(Stored records)

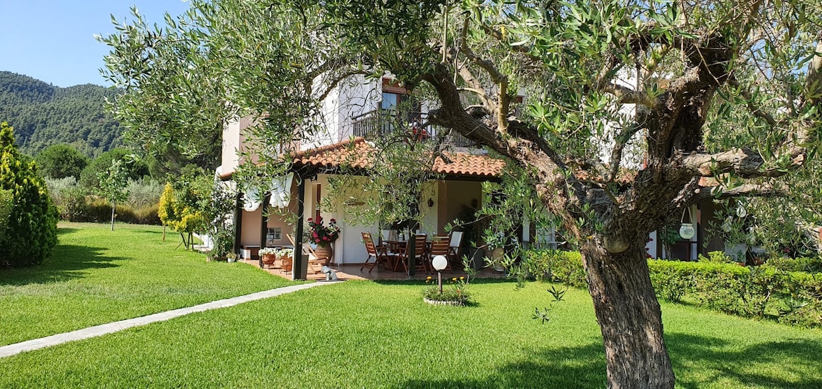An exceptional summer villa of 55sq.m. beautifully equipped & furnished with two bedrooms,2 bathrooms(internal&external shower),as well as a living room & kitchen. Contra Mare constitutes an ideal destination surrounded by a big green courtyard just 60 meters away from beautiful Trani Ammouda that has been given the status as a “Blue Flag” beach in front of an impressive view of Mount Athos! Ideally suited for carefree family relaxing summer holidays!
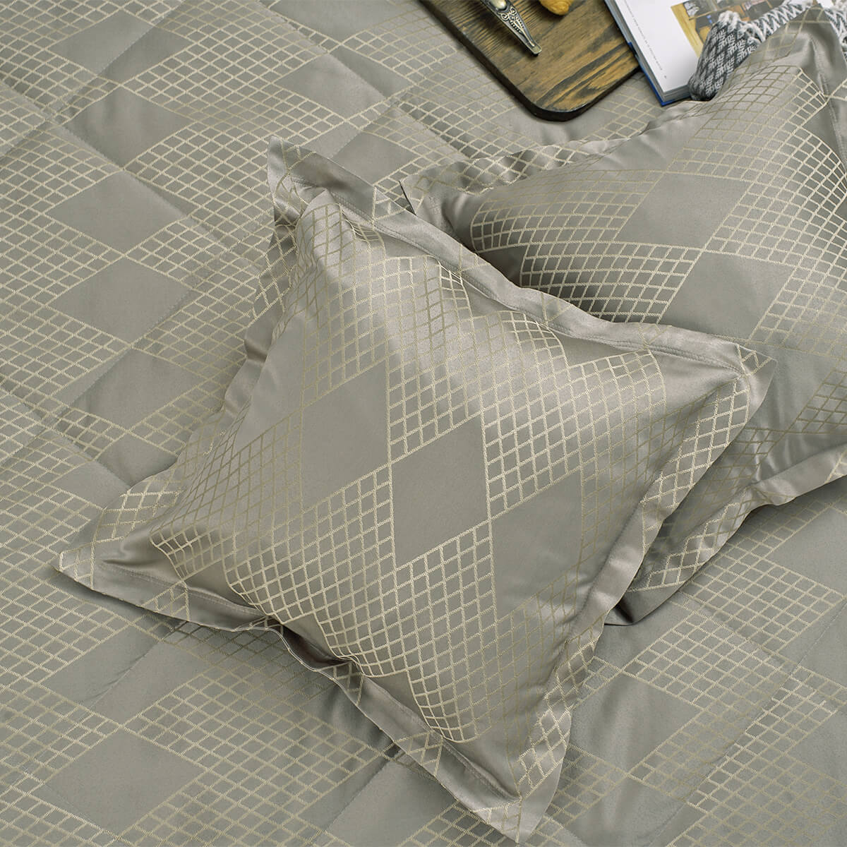 В комплект входит: стеганное покрывало на подкладе размер 240*260 см и 2 декоративные наволочки 45х45 см на молнии. Наволочки с четырех сторон декорированы ушками шириной 4 см.
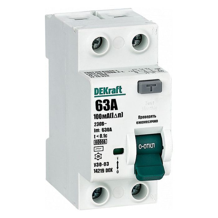 УЗО DEKraft УЗО-03 2P 63А 6 кА, 100 мА (AC), 14219DEK - это двухполюсное устройство защитного отключения, предназначенное для обеспечения безопасности электрических сетей и оборудования. Данное УЗО имеет номинальный ток 63А и предельную отключающую способность 6 кА. Триггер чувствительности составляет 100 мА для обнаружения утечек переменного тока. Продукт отвечает высоким стандартам качества и безопасности, что делает его надежным выбором для защиты электрических цепей от перегрузок и коротких замыканий.
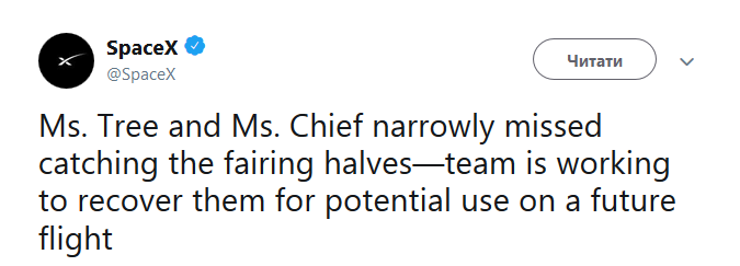 "Ms. Tree и Мs. Chief чуть-чуть не успели поймать половинки обтекателя. Команда работает над тем, чтобы восстановить их для возможного использования при будущем запуске", - говорится в сообщении компании.
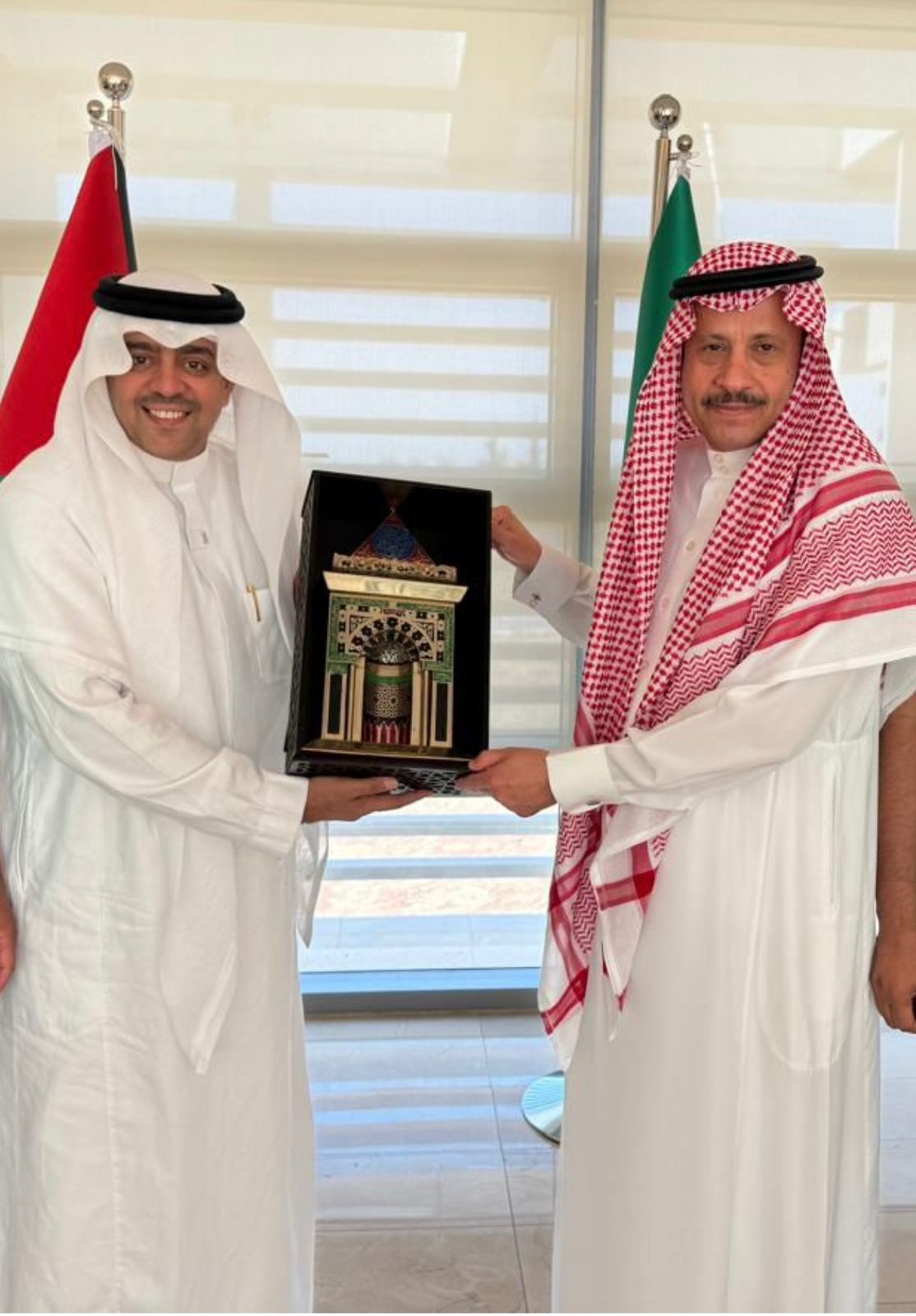 كما قدم رئيس الوفد السعودي لكرة الطائرة للناشئين الأستاذ باسم منقل هدية تذكارية مقدمة من الاتحاد السعودي لكرة الطائرة للسفير الأستاذ نايف السديري.

What needs to be done:
Reproduce exactly and only the lines from the one with "в сообщении компании." through the final line of the records above, inclusive. Pictures must be left out.

Exercise response:
 "Ms. Tree и Мs. Chief чуть-чуть не успели поймать половинки обтекателя. Команда работает над тем, чтобы восстановить их для возможного использования при будущем запуске", - говорится в сообщении компании.
 كما قدم رئيس الوفد السعودي لكرة الطائرة للناشئين الأستاذ باسم منقل هدية تذكارية مقدمة من الاتحاد السعودي لكرة الطائرة للسفير الأستاذ نايف السديري.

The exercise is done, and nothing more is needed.